ACTIVITY:
All entries must be repeated exactly; do not include the pictures.

EXCERPTED RECORDS:
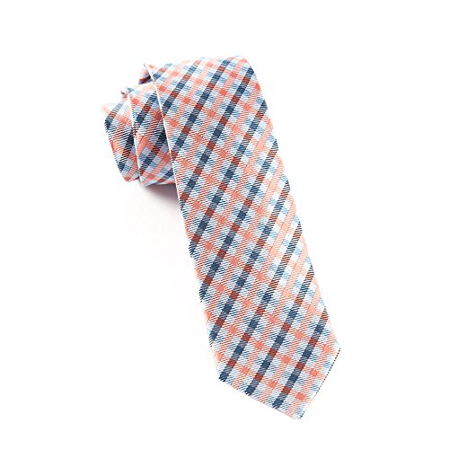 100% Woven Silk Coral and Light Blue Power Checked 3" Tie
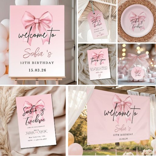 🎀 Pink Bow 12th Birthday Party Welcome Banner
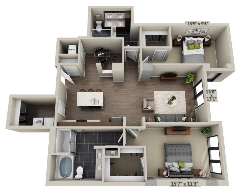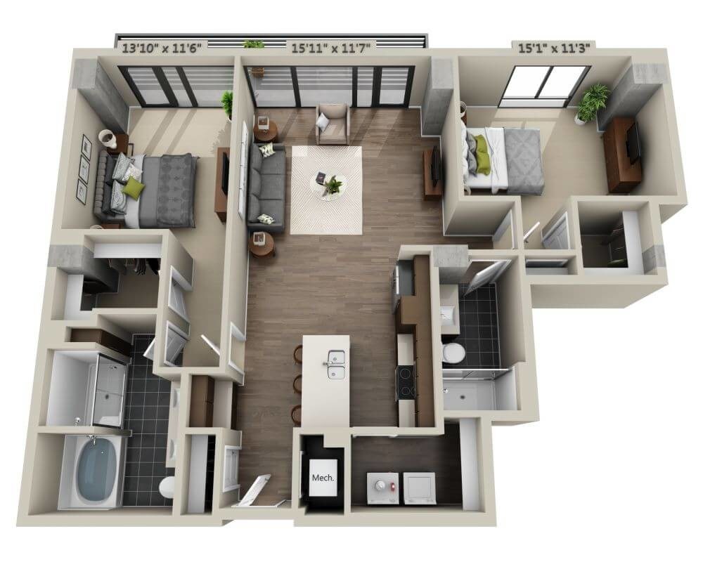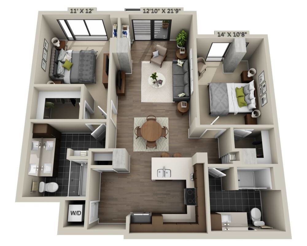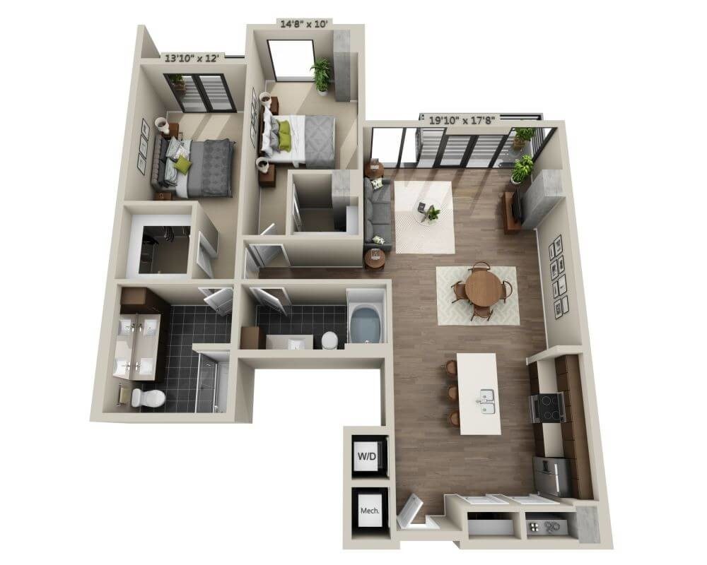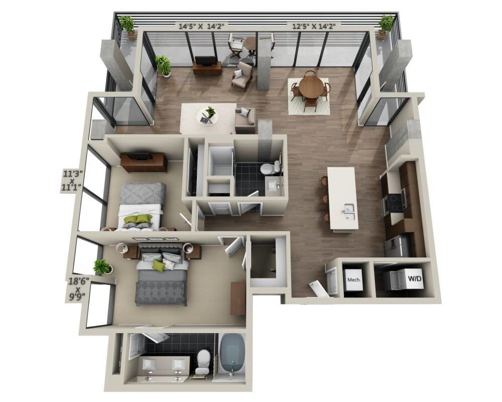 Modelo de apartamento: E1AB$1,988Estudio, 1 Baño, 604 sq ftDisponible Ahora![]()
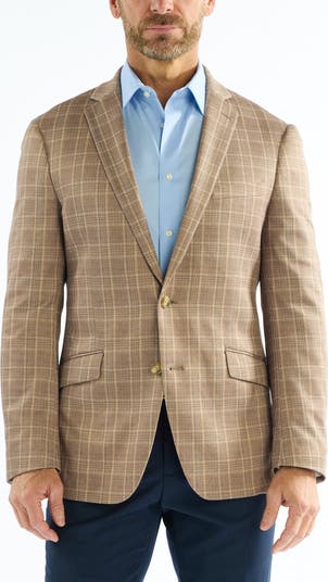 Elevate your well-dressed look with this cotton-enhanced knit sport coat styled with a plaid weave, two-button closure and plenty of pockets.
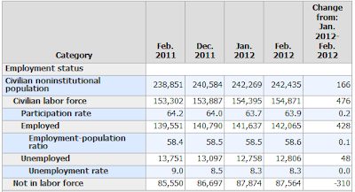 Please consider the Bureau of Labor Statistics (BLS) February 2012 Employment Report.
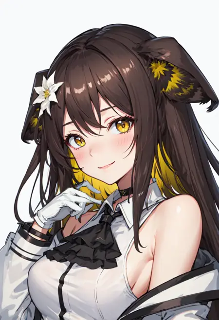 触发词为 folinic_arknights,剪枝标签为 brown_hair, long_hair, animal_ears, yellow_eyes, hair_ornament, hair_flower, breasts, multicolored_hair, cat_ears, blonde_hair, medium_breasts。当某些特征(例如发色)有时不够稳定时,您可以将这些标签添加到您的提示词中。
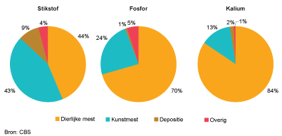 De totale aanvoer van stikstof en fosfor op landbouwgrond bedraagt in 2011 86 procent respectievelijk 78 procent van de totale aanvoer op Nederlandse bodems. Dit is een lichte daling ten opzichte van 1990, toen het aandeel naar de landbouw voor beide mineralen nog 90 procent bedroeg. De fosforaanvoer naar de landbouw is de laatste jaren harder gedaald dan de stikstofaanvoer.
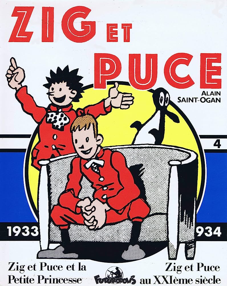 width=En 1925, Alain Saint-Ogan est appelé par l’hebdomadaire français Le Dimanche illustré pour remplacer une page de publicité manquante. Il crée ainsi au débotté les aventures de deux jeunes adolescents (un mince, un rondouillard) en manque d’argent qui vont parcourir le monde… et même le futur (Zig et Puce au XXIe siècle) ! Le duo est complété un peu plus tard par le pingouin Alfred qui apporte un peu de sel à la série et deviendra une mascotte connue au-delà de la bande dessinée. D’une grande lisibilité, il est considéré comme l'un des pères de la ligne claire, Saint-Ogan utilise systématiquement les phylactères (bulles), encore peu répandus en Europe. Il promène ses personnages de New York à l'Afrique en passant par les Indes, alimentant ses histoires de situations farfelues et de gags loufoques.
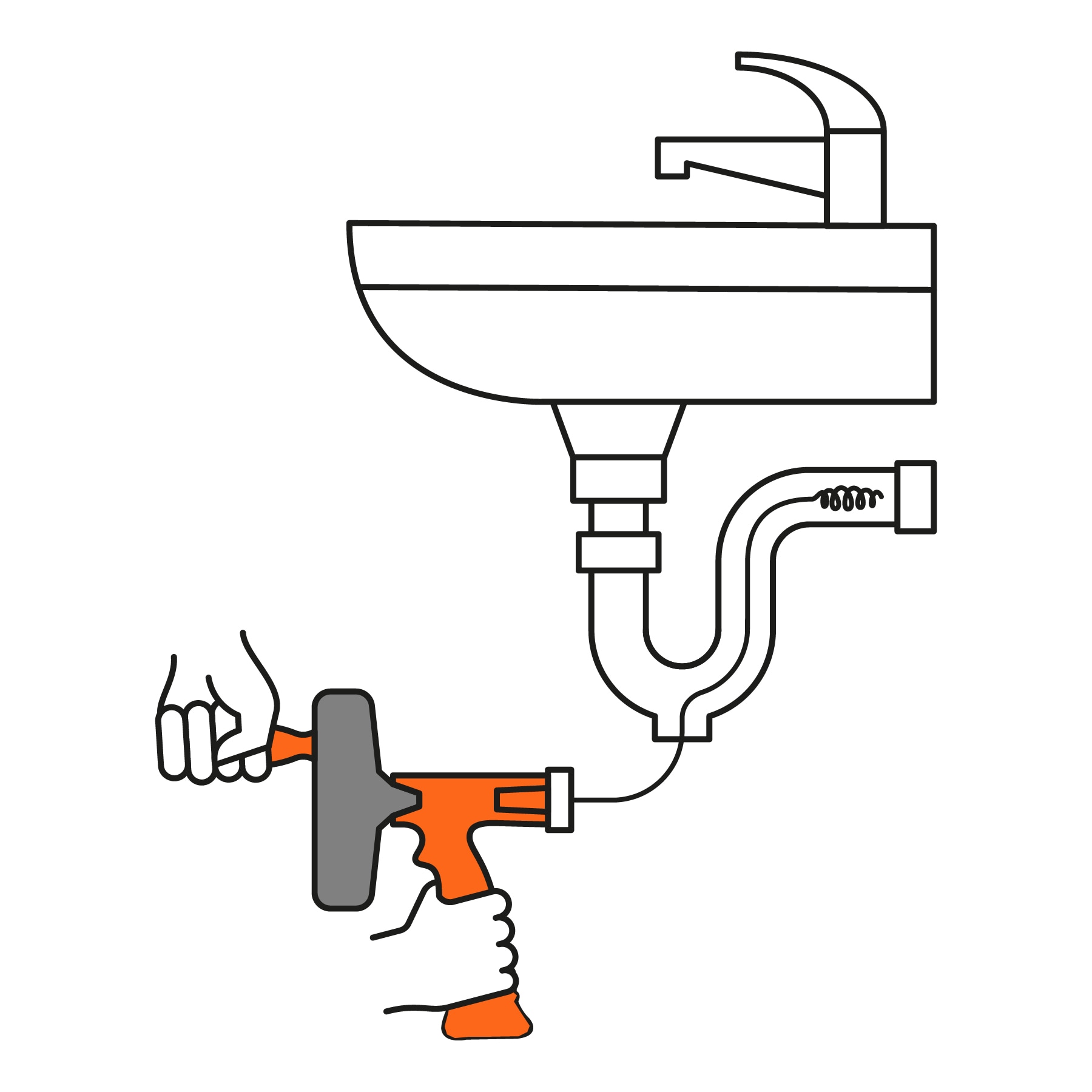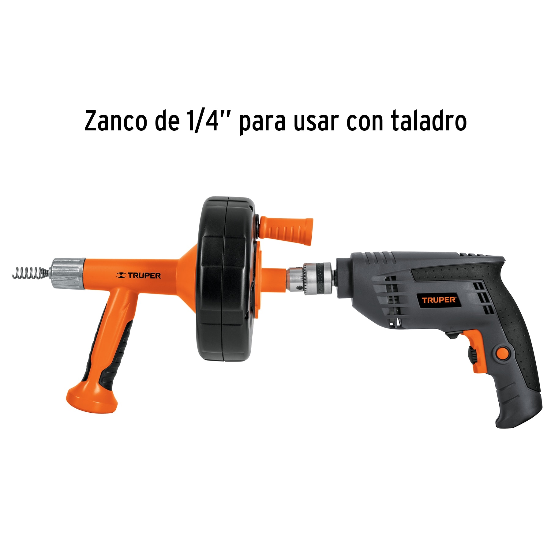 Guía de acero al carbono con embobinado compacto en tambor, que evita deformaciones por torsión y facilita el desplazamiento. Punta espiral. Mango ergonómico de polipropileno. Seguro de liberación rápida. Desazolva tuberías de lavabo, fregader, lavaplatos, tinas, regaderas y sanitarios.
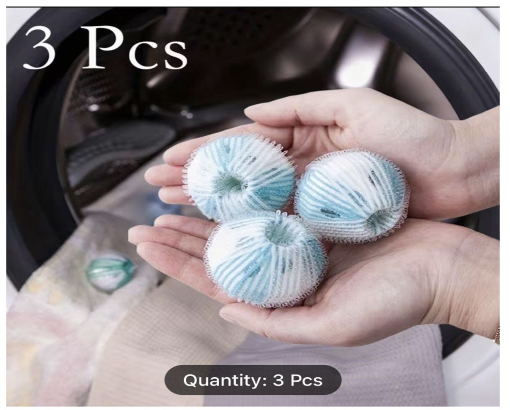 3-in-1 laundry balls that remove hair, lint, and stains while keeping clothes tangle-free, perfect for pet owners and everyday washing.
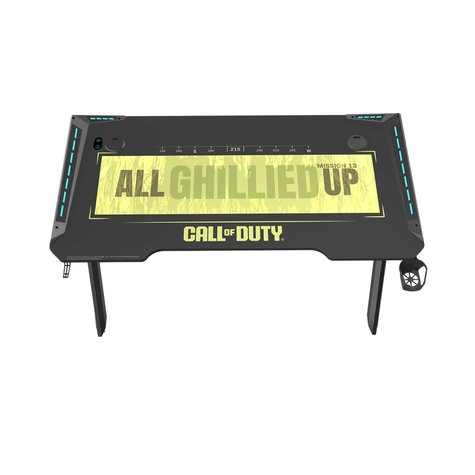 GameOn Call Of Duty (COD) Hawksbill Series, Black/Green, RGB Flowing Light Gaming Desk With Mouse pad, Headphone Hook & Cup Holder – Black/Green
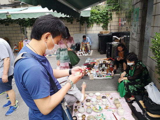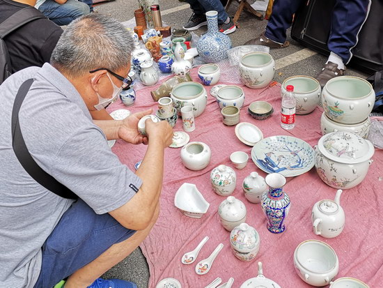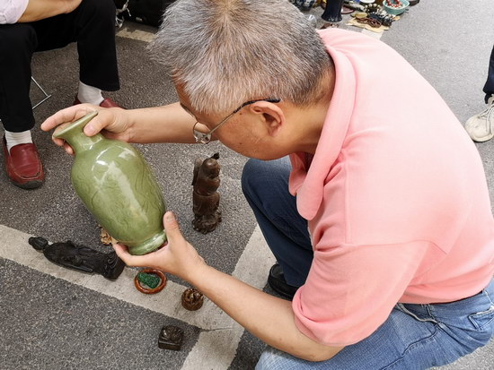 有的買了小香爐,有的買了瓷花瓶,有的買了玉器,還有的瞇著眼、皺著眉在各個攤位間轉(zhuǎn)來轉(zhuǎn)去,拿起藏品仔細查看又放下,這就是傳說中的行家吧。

REPLY TO THE TASK:
 100% Woven Silk Coral and Light Blue Power Checked 3" Tie
 🎀 Pink Bow 12th Birthday Party Welcome Banner
 Modelo de apartamento: E1AB$1,988Estudio, 1 Baño, 604 sq ftDisponible Ahora![]()
 Elevate your well-dressed look with this cotton-enhanced knit sport coat styled with a plaid weave, two-button closure and plenty of pockets.
 Please consider the Bureau of Labor Statistics (BLS) February 2012 Employment Report.
 触发词为 folinic_arknights,剪枝标签为 brown_hair, long_hair, animal_ears, yellow_eyes, hair_ornament, hair_flower, breasts, multicolored_hair, cat_ears, blonde_hair, medium_breasts。当某些特征(例如发色)有时不够稳定时,您可以将这些标签添加到您的提示词中。
 De totale aanvoer van stikstof en fosfor op landbouwgrond bedraagt in 2011 86 procent respectievelijk 78 procent van de totale aanvoer op Nederlandse bodems. Dit is een lichte daling ten opzichte van 1990, toen het aandeel naar de landbouw voor beide mineralen nog 90 procent bedroeg. De fosforaanvoer naar de landbouw is de laatste jaren harder gedaald dan de stikstofaanvoer.
 width=En 1925, Alain Saint-Ogan est appelé par l’hebdomadaire français Le Dimanche illustré pour remplacer une page de publicité manquante. Il crée ainsi au débotté les aventures de deux jeunes adolescents (un mince, un rondouillard) en manque d’argent qui vont parcourir le monde… et même le futur (Zig et Puce au XXIe siècle) ! Le duo est complété un peu plus tard par le pingouin Alfred qui apporte un peu de sel à la série et deviendra une mascotte connue au-delà de la bande dessinée. D’une grande lisibilité, il est considéré comme l'un des pères de la ligne claire, Saint-Ogan utilise systématiquement les phylactères (bulles), encore peu répandus en Europe. Il promène ses personnages de New York à l'Afrique en passant par les Indes, alimentant ses histoires de situations farfelues et de gags loufoques.
 Guía de acero al carbono con embobinado compacto en tambor, que evita deformaciones por torsión y facilita el desplazamiento. Punta espiral. Mango ergonómico de polipropileno. Seguro de liberación rápida. Desazolva tuberías de lavabo, fregader, lavaplatos, tinas, regaderas y sanitarios.
 3-in-1 laundry balls that remove hair, lint, and stains while keeping clothes tangle-free, perfect for pet owners and everyday washing.
 GameOn Call Of Duty (COD) Hawksbill Series, Black/Green, RGB Flowing Light Gaming Desk With Mouse pad, Headphone Hook & Cup Holder – Black/Green
 有的買了小香爐,有的買了瓷花瓶,有的買了玉器,還有的瞇著眼、皺著眉在各個攤位間轉(zhuǎn)來轉(zhuǎn)去,拿起藏品仔細查看又放下,這就是傳說中的行家吧。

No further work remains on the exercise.